5.2. LIVRA-NOS DO ERRO DA ABSOLUTIZAÇÃO DO RELATIVO

Ao tratarmos do pensamento, somos passíveis de confundir a parte com o todo. Um estudo sério dos princípios doutrinários ameniza tal erro. Senão vejamos: lemos um romance, que retrata um caso particular. De imediato, queremos generalizar este episódio, aplicando-o a todo o ser vivente. Esquecemo-nos de que o relato é uma verdade relativa; serve para aquela situação, mas não deve ser extrapolado para toda a humanidade. Da leitura do romance, podemos deduzir que a reencarnação é um castigo. Confrontando, porém, com os ensinamentos trazidos por Allan Kardec, vemos que a reencarnação é sempre uma oportunidade de evolução, não um castigo. A dúvida se desfaz e passamos a enfrentar com mais segurança os revezes do nosso caminho. Aprendemos, assim, que podemos sofrer porque queremos evoluir e não simplesmente por causa da ira de Deus.

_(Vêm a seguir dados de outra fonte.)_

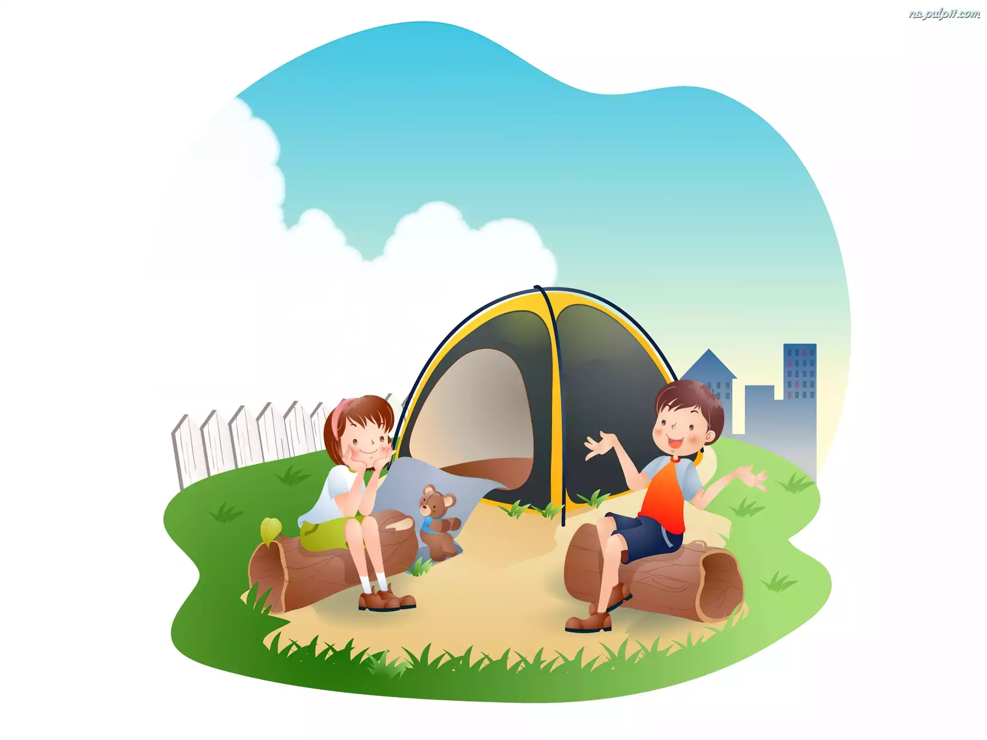 Grafika, Namiot, Dzieci, Wakacje Na Pulpit

5.3. A FELICIDADE DA COMPREENSÃO

Diz o ditado que “sempre chegamos tarde às verdades mais simples”. O mesmo se dá com o nosso desenvolvimento moral e espiritual. Contudo, quando nos compenetramos do valor inestimável dos livros da codificação, vamos adquirindo uma riqueza interior que nenhum ladrão consegue nos roubar. Onde quer que estejamos, estaremos conosco mesmos. Se a nossa consciência estiver tranqüila, tranqüilo também estará o nosso coração.

6. CONCLUSÃO

Quando estivermos totalmente absorvidos nos temas das obras básicas, começaremos a perceber uma mudança radical em nossa visão de mundo. O que antigamente era exaltado, hoje deixa de sê-lo, e o que era desprezado hoje é exaltado.